#### DIRECTIONS FOR THIS TASK:
What is needed is the full listing written out exactly, minus the pictures.

Segment Start: COLLECTED DATA

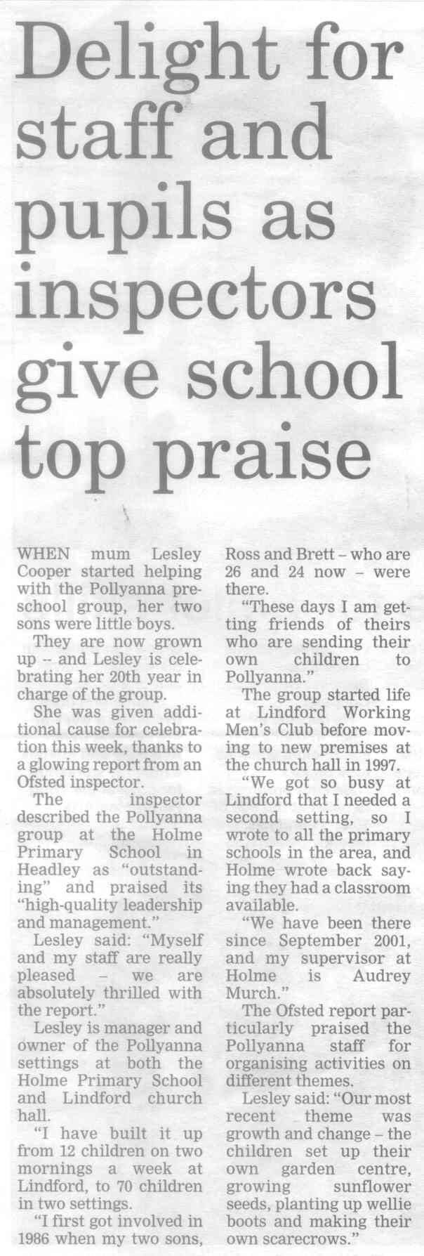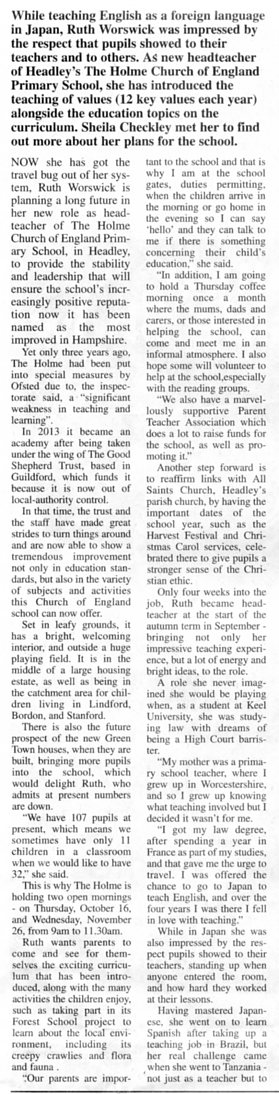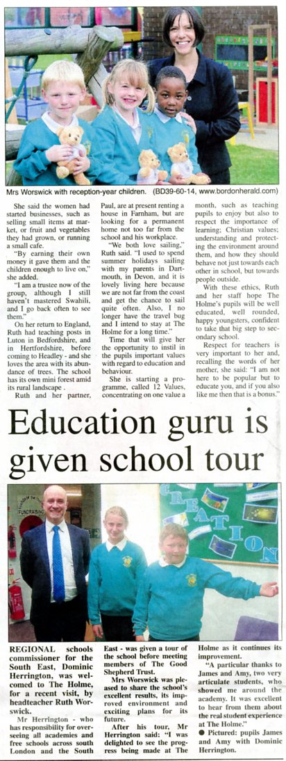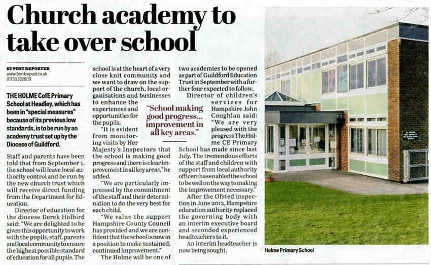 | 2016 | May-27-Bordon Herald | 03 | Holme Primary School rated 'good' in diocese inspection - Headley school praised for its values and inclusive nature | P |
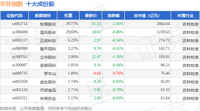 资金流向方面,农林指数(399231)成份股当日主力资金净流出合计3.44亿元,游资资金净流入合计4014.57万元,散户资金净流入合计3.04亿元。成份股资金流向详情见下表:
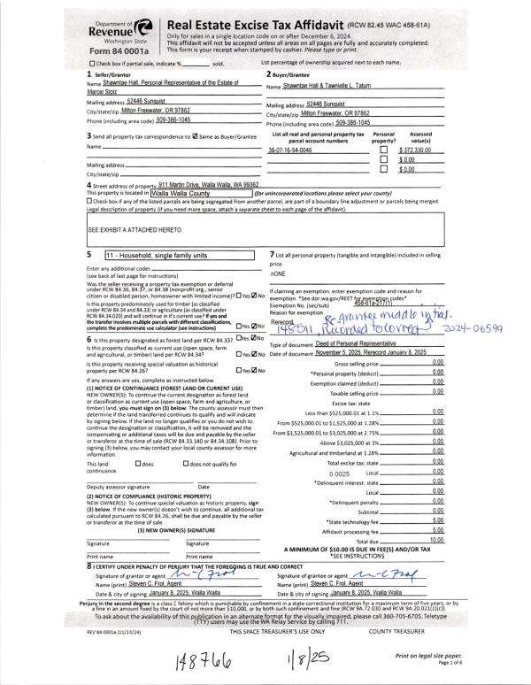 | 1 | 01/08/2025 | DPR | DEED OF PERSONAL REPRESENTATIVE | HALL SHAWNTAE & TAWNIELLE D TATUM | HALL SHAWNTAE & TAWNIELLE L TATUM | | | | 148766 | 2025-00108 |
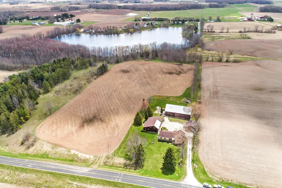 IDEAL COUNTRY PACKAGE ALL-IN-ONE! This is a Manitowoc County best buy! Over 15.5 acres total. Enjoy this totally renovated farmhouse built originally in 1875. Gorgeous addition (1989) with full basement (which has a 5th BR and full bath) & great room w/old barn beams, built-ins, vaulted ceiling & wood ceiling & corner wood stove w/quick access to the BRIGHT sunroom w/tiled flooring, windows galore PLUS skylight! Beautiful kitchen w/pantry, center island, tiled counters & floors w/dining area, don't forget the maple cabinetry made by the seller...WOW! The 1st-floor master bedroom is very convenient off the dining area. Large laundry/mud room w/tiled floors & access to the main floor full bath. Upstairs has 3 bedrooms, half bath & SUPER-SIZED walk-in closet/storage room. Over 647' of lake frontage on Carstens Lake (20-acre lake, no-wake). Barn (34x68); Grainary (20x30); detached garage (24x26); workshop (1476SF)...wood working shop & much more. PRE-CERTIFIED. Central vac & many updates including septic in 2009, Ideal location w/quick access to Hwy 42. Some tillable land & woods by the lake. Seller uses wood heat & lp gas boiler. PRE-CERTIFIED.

Segment End: COLLECTED DATA

#### RESULT OF THIS TASK:
 | 2016 | May-27-Bordon Herald | 03 | Holme Primary School rated 'good' in diocese inspection - Headley school praised for its values and inclusive nature | P |
 资金流向方面,农林指数(399231)成份股当日主力资金净流出合计3.44亿元,游资资金净流入合计4014.57万元,散户资金净流入合计3.04亿元。成份股资金流向详情见下表:
 | 1 | 01/08/2025 | DPR | DEED OF PERSONAL REPRESENTATIVE | HALL SHAWNTAE & TAWNIELLE D TATUM | HALL SHAWNTAE & TAWNIELLE L TATUM | | | | 148766 | 2025-00108 |
 IDEAL COUNTRY PACKAGE ALL-IN-ONE! This is a Manitowoc County best buy! Over 15.5 acres total. Enjoy this totally renovated farmhouse built originally in 1875. Gorgeous addition (1989) with full basement (which has a 5th BR and full bath) & great room w/old barn beams, built-ins, vaulted ceiling & wood ceiling & corner wood stove w/quick access to the BRIGHT sunroom w/tiled flooring, windows galore PLUS skylight! Beautiful kitchen w/pantry, center island, tiled counters & floors w/dining area, don't forget the maple cabinetry made by the seller...WOW! The 1st-floor master bedroom is very convenient off the dining area. Large laundry/mud room w/tiled floors & access to the main floor full bath. Upstairs has 3 bedrooms, half bath & SUPER-SIZED walk-in closet/storage room. Over 647' of lake frontage on Carstens Lake (20-acre lake, no-wake). Barn (34x68); Grainary (20x30); detached garage (24x26); workshop (1476SF)...wood working shop & much more. PRE-CERTIFIED. Central vac & many updates including septic in 2009, Ideal location w/quick access to Hwy 42. Some tillable land & woods by the lake. Seller uses wood heat & lp gas boiler. PRE-CERTIFIED.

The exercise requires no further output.